Fancy turning the good doctor into a killer instead? You can, and it’s a deep, involved process. You will need to learn more about your targets before you decide who to feed on, exploring their everyday routine and habits.
Your choices in Vampyr will have consequences, though …
All of the NPCs are designed to have some kind of effect on the game’s open-world version of London, and killing them will make an impact on others around them. The environment and community in which Jonathan lives / hunts will no doubt feel more realistic as a result of this cause-and-effect structure, and you’ll have to think carefully before you feast on someone.
Killing is unlikely to be quite as simple as just grabbing anyone at random, though this may be a possibility depending on the moral approach you want to take. There are benefits and risks of feeding on civilians, though. The more people you kill, the more abilities you’ll have access to – but you’ll face a bigger challenge too.
You can transform others into vampires if you like, and you use your special ‘mesmerise’ power to glean key information from your victims. You can even use medicine you have crafted yourself to improve the health of specific ailing targets, preventing Jonathan from drinking tainted blood.
Your experience points will actually be better if you can do this, and you’ll be able to judge victims’ health courtesy of Jonathan’s shiny new vamp-senses.
As you level up, you will be able to improve Jonathan’s abilities on the skill tree, equipping you with more strength and power when facing enemies. The skill tree will give you a choice between a more confrontational offensive style and a defensive approach.
Combat will allow Jonathan to unleash his vampiric strength and rage: an on-screen blood gauge will fill as you brawl and deal damage, and Jonathan will be capable of especially tough moves when it’s full. Devouring blood from an enemy without having to get close will be just one benefit of embracing your dark side, though there will be others too.
Meeting the Enemies
There are different types of vampires to fight during Vampyr, including the Ekon, a more upmarket, aristocratic kind of blood-sucker. There are also Skals (which live in the sewers of London), Vulkod (tough cookies who pose more of a physical danger), and Nemrod (self-loathing vampires who want to wipe out all of their own kind).

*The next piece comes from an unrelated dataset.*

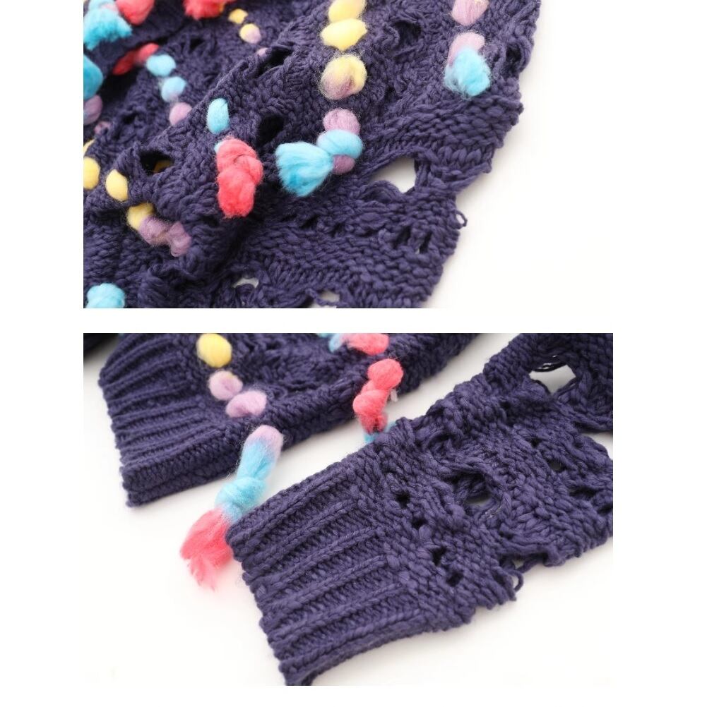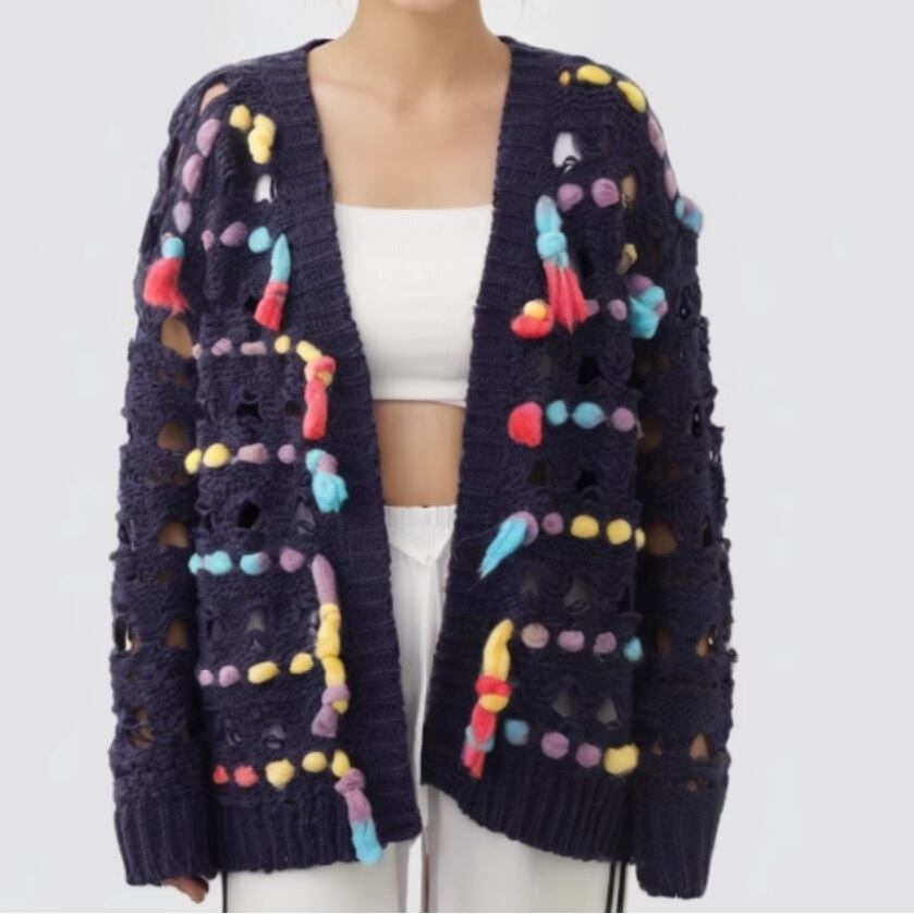 大人カジュアルなopen-knit cardigan woven with colorful strings。
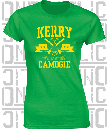 Crossed Hurls Camogie T-Shirt - Ladies Skinny-Fit - Kerry

The Guard of Priwen will be another group Jonathan has to cope with, a secret society of vampire-hunters who want to rid London of the neck-chomping fiends.

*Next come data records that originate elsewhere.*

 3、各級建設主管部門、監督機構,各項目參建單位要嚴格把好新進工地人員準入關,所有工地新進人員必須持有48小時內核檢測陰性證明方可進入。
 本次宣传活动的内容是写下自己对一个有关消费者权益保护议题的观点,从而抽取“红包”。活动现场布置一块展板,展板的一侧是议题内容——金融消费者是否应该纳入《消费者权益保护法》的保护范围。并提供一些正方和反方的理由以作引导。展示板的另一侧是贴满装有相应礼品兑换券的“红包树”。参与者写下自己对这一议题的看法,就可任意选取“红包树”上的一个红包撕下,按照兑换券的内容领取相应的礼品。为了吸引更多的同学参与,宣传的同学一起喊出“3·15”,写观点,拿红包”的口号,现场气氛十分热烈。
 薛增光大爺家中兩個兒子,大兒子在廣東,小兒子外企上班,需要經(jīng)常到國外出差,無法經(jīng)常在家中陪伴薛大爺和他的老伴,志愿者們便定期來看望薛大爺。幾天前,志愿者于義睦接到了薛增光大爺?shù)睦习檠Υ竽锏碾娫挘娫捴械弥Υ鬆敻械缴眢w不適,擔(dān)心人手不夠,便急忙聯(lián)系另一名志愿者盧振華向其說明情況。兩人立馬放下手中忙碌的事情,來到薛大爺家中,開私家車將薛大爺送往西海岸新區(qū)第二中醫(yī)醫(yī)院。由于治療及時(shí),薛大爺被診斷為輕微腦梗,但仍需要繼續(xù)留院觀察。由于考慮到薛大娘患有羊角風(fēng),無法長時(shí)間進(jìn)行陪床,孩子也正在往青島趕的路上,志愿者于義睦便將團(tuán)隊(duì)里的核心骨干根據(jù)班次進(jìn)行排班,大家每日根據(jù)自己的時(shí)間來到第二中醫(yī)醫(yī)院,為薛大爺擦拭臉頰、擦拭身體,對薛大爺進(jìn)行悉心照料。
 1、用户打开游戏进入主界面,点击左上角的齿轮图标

Vampyr’s London isn’t an exact recreation of the entire city, but instead is made up of four distinct districts. Witechapel, the hospital in which Jonathan works, the East End Docks, and the famous West End will all feature, each with its own feel.
Jonathan can build his own weapons to protect himself on the streets, using resources taken from his victims, while you’ll get to draw on his more supernatural abilities too. Lurking in darkness and jumping out on enemies is possible courtesy of Jonathan’s shadow-controlling talent, while he can move with enhanced speed and become invincible for a time too.

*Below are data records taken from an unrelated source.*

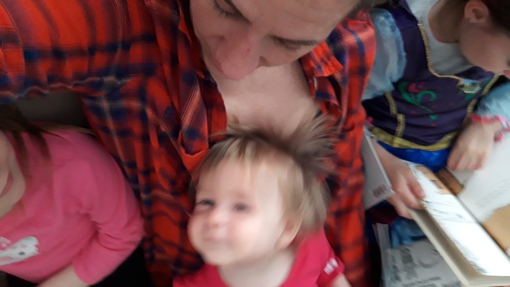 And of course it’s always a pile up on mom when she is on the couch. But in all honesty it’s super cute. Whenever I read with Annabelle and Autumn Aubrie will get a book and toddle over to sit on my lap. She won’t let me read the book to her, but by golly she has to do what her sisters are doing.
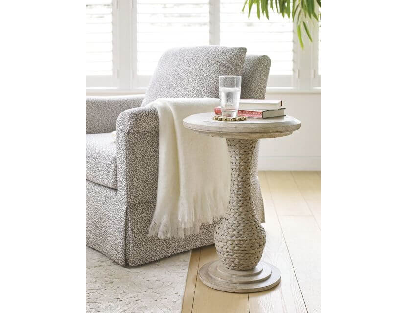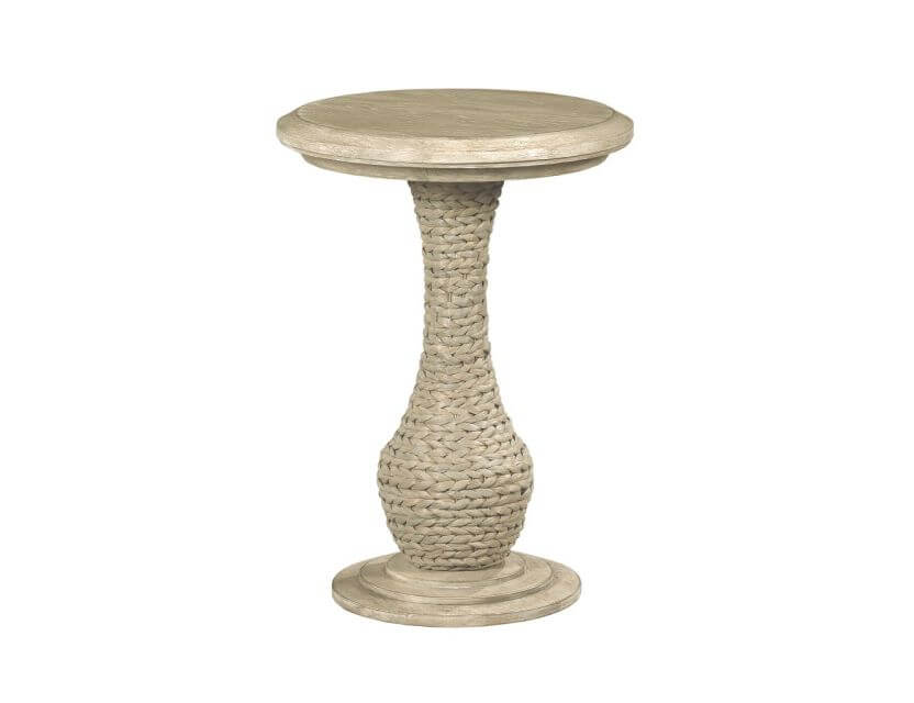 Casual transitional group by utilizing transitional styling with casual elements and accent pieces. Round end table with a woven seagrass pedestal and wooden base adds a different element to the group.
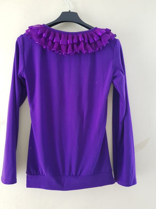 Nošena samo 2x, na rokavu ima nekaj muc,, barva volančkov je v isti barvi kot celotna majčka (ni taka kot na sliki), je raztegljiva
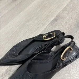 Elegant black flats with slingback design. Features a stylish buckle accent. Perfect for versatile wear.
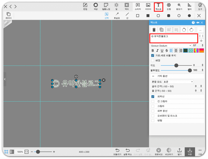 원하는 문구를 입력하고, 글자 크기, 색상, 서체, 외곽선 등을 원하는 스타일로 편집해 줍니다.
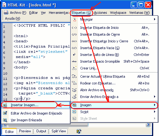 Ahora abre el index de tu Html-Kit y pon la vista "Editor". Como siempre, puedes cerrar la ventana de Workspace de la derecha para tener más sitio y maximizar la ventana del index. Mejor, verdad? je je.
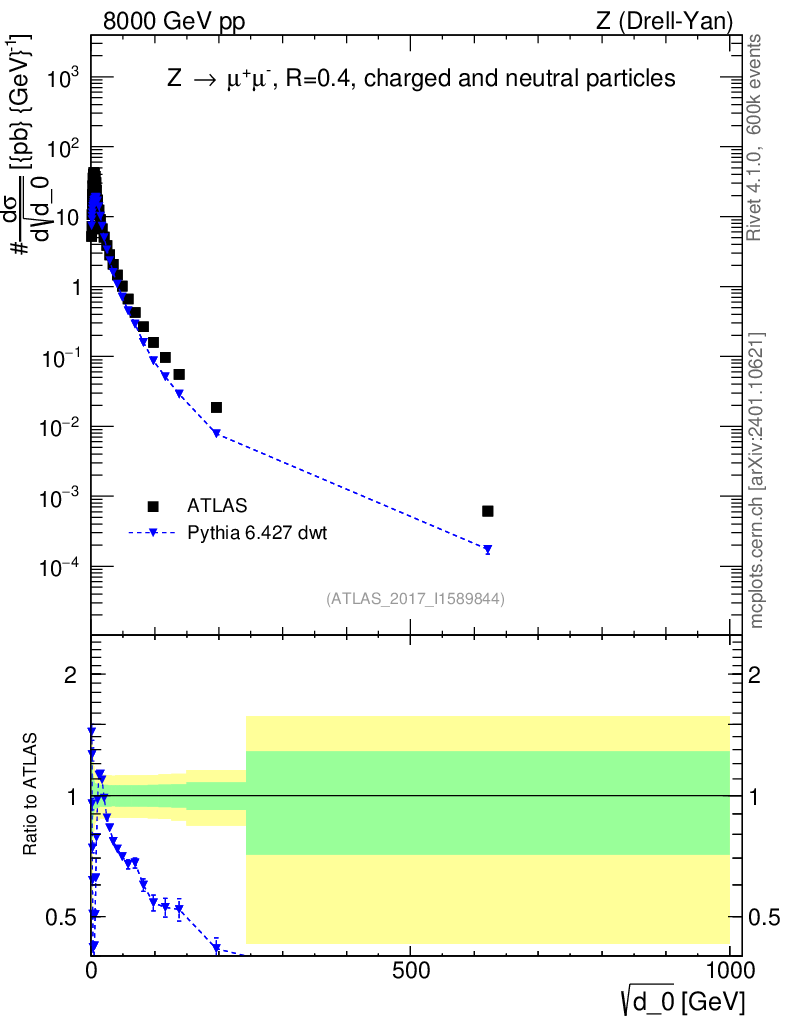 Lines: data, pythia6 6.427 dwt |

We’ve all played as a souped-up vampire at one time or another, but Vampyr’s more realistic take on the mythology should be fascinating. The Dontnod Entertainment team have invested time and resources into researching London at the time in which Vampyr is set, as well as educating themselves on medical details to add extra authenticity to the game. Motion capture has been used to give characters more realistic movement too.
Vampyr is set for release on the PS4, Xbox One, and PC on June 5th. It looks like it could be one of the best, most immersive vampire video games ever made, with real depth and consequential player choices. It was a smart move making the lead character a doctor immersed in a world of science and rationality, as his gradual descent into vampirism should be more compelling.
Let’s just hope Vampyr is as good as it can be when it’s released later this year!
Dontnod Entertainment’s Vampyr is shaping up to be an original, exciting, immersive vampire game with real depth. What do you think of the footage released so far, and what kind of vampire do you think you’ll be in the game?